Global Journal of Business Pedagogy Volume 5, Number 1, 2021
Terry Stringer Damron, Austin Peay State University
Kathryn Woods, Austin Peay State University
The primary subject matter of this case concerns social media marketing for small
businesses. Secondary issues examined include consumer behavior, social networks, and
uncertainty reduction. The case has a difficulty level of three, as it is appropriate for students at
the junior level. The case is designed to be taught in three class hours and is expected to require
one hours of outside preparation by students.

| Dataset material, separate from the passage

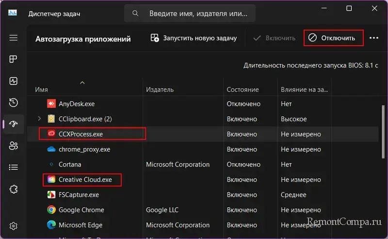 2. Убедитесь, что процесс не висит в фоне. Нажмите Ctrl + Shift + Esc, чтобы открыть Диспетчер задач, и завершите все процессы, связанные с Adobe (Creative Cloud, CCXProcess, CoreSync).

With explosive growth in the craft beer industry and a single brewpub serving
Tennessee’s youngest city, homebrewers Dustyn and Kristen Brewer recognized an opportunity
to serve, celebrate, and build community in Clarksville, Tennessee. With big dreams and a
limited promotions budget, the owners looked to social media to achieve their promotions and
community-building goals as they opened microbrewery Kings Bluff Brewery in 2019. Through
this case study, students are challenged to reference industry resources, case information, and
theory as they produce research-based social media marketing recommendations for Kings Bluff
It was 2017 and the growth of American craft brewing was in full throttle. In a span of
only eight years, the 200-year-old brewing industry had grown its workforce 120% as the
number of brewing entities increased six-fold (Thompson, 2018). But in fast-growing and
notably “young” Clarksville, Tennessee, only one craft brewery – a brewpub – was in operation.
Enter the Brewers.
Recognizing their personal desire for more local craft beer options matched a national
consumer and market trend, Dustyn and Kristen Brewer began brewing small batch beers in their
garage. As their recipes continually improved and friends happily enjoyed the fruits of their
labor, they refined a vision for a new, different brewery designed to craft community and beer,
offering a space for the types of conversation and collaboration that strengthen ties between
segments of the area’s diverse population. By late 2018, the Brewers were putting the final
touches on their microbrewery, Kings Bluff Brewery (KBB), in downtown Clarksville,
Tennessee and anticipating an early 2019 opening.
Like many small brewing operations, the Brewers planned to use low-cost, highly-
efficient social media as a cornerstone of their promotional strategy, anticipating social
networking sites would allow them to achieve both promotional and community-building goals.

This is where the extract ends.